* **Information supplied**
● ● ●

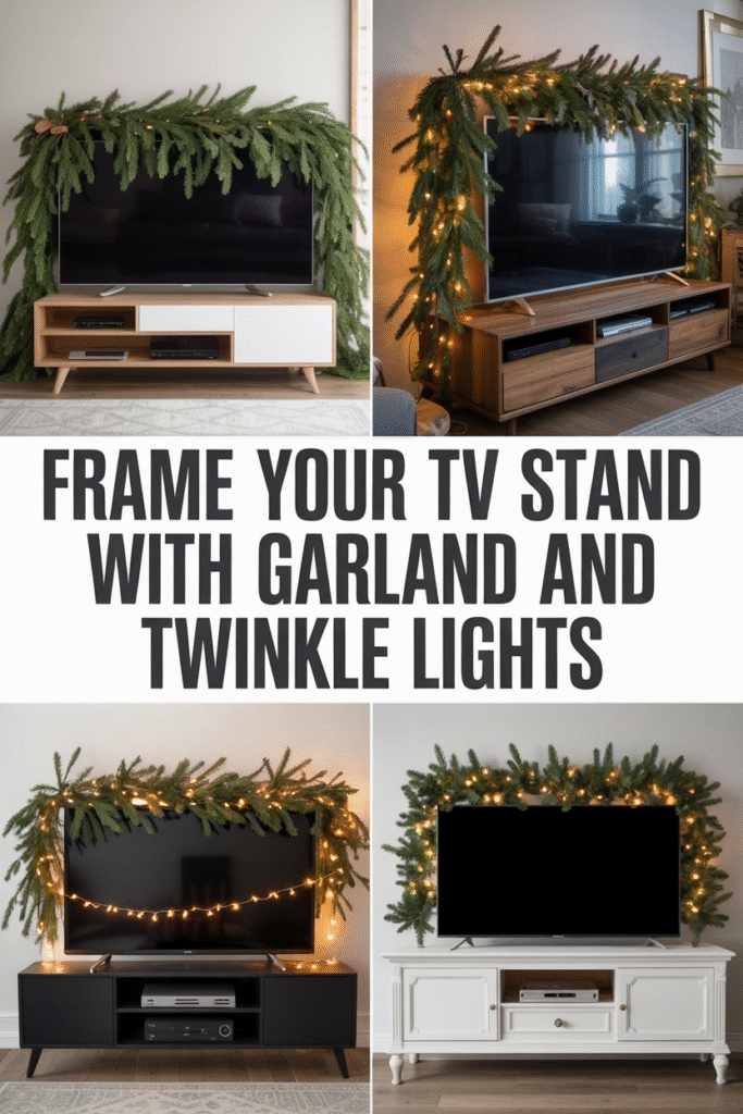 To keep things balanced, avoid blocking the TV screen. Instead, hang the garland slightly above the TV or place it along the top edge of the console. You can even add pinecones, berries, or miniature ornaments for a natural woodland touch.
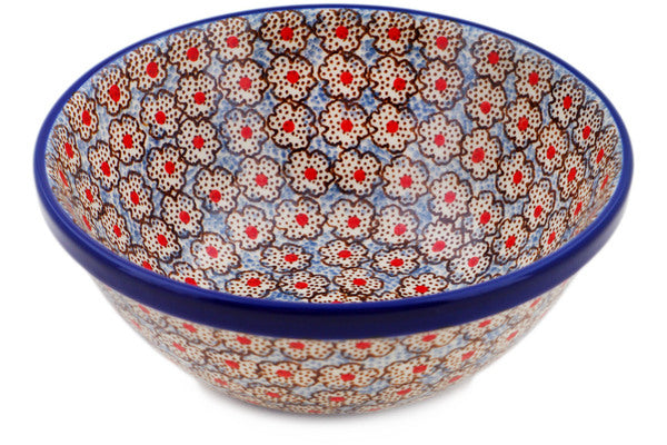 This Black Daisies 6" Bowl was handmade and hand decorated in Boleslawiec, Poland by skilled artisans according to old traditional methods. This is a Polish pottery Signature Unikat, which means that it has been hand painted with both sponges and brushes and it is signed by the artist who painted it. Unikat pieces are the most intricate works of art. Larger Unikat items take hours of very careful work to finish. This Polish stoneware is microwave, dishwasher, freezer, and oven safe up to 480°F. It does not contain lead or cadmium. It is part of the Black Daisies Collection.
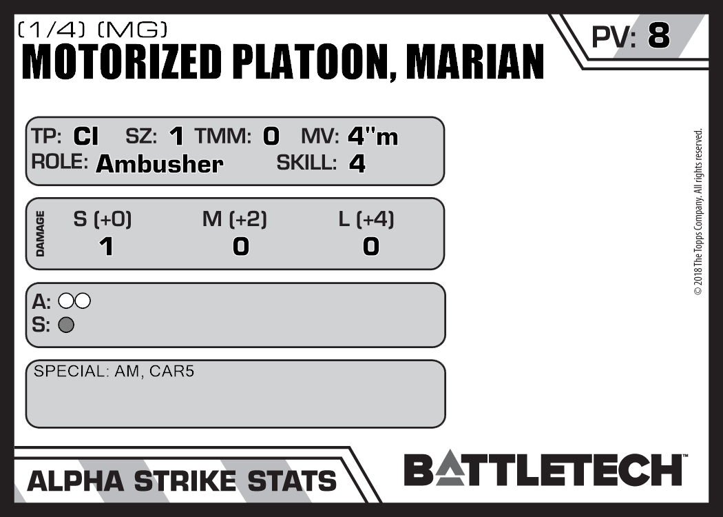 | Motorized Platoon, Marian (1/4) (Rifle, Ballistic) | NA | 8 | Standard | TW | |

● ● ●

* **The problem**
Copy out exactly the lines that run from the line containing "This Black Daisies" through the last line of the material, and nothing more; omit the pictures.

* **Exercise solution**
 This Black Daisies 6" Bowl was handmade and hand decorated in Boleslawiec, Poland by skilled artisans according to old traditional methods. This is a Polish pottery Signature Unikat, which means that it has been hand painted with both sponges and brushes and it is signed by the artist who painted it. Unikat pieces are the most intricate works of art. Larger Unikat items take hours of very careful work to finish. This Polish stoneware is microwave, dishwasher, freezer, and oven safe up to 480°F. It does not contain lead or cadmium. It is part of the Black Daisies Collection.
 | Motorized Platoon, Marian (1/4) (Rifle, Ballistic) | NA | 8 | Standard | TW | |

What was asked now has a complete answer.